Is there any implementation of EMD in pytorch?

I’m looking for a differential EMD (earth mover distance) function to measure the distance of a network latent.

I’m not entirely sure I understand your use case enough to be certain that it’s what you’re looking for, but I can offer a notebook implementing entropy-regularized Wasserstein distances.

Best regards

Thomas

I saw this work before,
My question is: let’s say my network output is a vector of 10 elements and my ground is also the same. I want my cost function to measure the distance to be the EMD.

1 Like

What are your probability measures, then, to measure the distance between?
Usually, you have something like a PD of 10 elements just like you (conceptually) would have for classification and then KL divergence / Cross Entropy to the (peaked at target) distribution. That can be straightforwardly replaced by Wasserstein distance as Frogner et al do and (in the regularized case) can be done with my implementation.
Note that the whole thing is somewhat numerically sensitive.

Best regards

Thomas

It is histogram measurement, So I want to use EMD to measure the their distance.

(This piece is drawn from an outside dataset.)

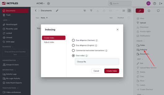 You can also set up a sample due diligence index or a standard index for commercial real estate transactions by the Gesellschaft für Immobilienwirtschaftliche Forschung e.V. (Society for Real Estate Research). To use either index, select the respective option in the Indexing dialoge and klick Create Index. netfiles then automatically creates the selected structure. Please note that folder names for both structures are only available in German.

I didn’t understand your KL / CE part ?

You can try this repository. I have been searching for this too, so I spent some time trying to update and generalize a few implementations I’d seen on GitHub. If you have a fix for the overflow issue too, I would be grateful :wink:

Hey! I came across this while searching for PyTorch EMD implementations, and I was wondering if this would work with input tensors with sizes of around (1, 16k, 3), so basically, batch size of 1, and 16k points that are represented as x, y, z. If not, would you happen to have any suggestions on how to implement some sort of EMD approximation myself using PyTorch? I’m not particularly concerned about speed yet, just some sort of implementation that can work.

None of the suggested methods worked for me yet. If you came a cross something better please post it back here.

Hi @tom,

Many thanks for making this implementation available to the community, I appreciate it a lot. I have almost figured out how to use it, but I have a problem, please forgive me if this is a very naive question.

After instantiating a criterion based on your WassersteinLossStab() class, if I try to compute the loss with a batch size of 1 it seems to work pretty consistently, but if I change the batch size to >1, it crashes:

batch_size = 1 # setting this to 2 breaks the loss
n_samples = 10

x=numpy.arange(n_samples,dtype=numpy.float32)
M=(x[:,numpy.newaxis]-x[numpy.newaxis,:])**2
M/=M.max()

preds = torch.FloatTensor(batch_size,n_samples).uniform_()
preds/=preds.sum(dim=1).unsqueeze(1)
preds = preds.float()

targets = torch.randn(batch_size, n_samples)>0
targets = targets.float()

criterion = WassersteinLossStab(torch.from_numpy(M), lam=0.1)

criterion(preds, targets)

Do you have any clue on what am I doing wrong here? Thanks!

Please try my implementation here for 3D point cloud research: https://github.com/daerduoCarey/PyTorchEMD

I just made a Pytorch wrapper for Haoqiang Fan’s implementation for paper: A Point Set Generation Network for 3D Object Reconstruction from a Single Image. Please cite this paper if you use the code.

Best,
Kaichun

3 Likes

this may help you, which contains solvers based on QPTH and opencv

Hi, I found this implementation quite neat. The only problem is it uses C++ on the CPU. So it will slow down the backward propagation.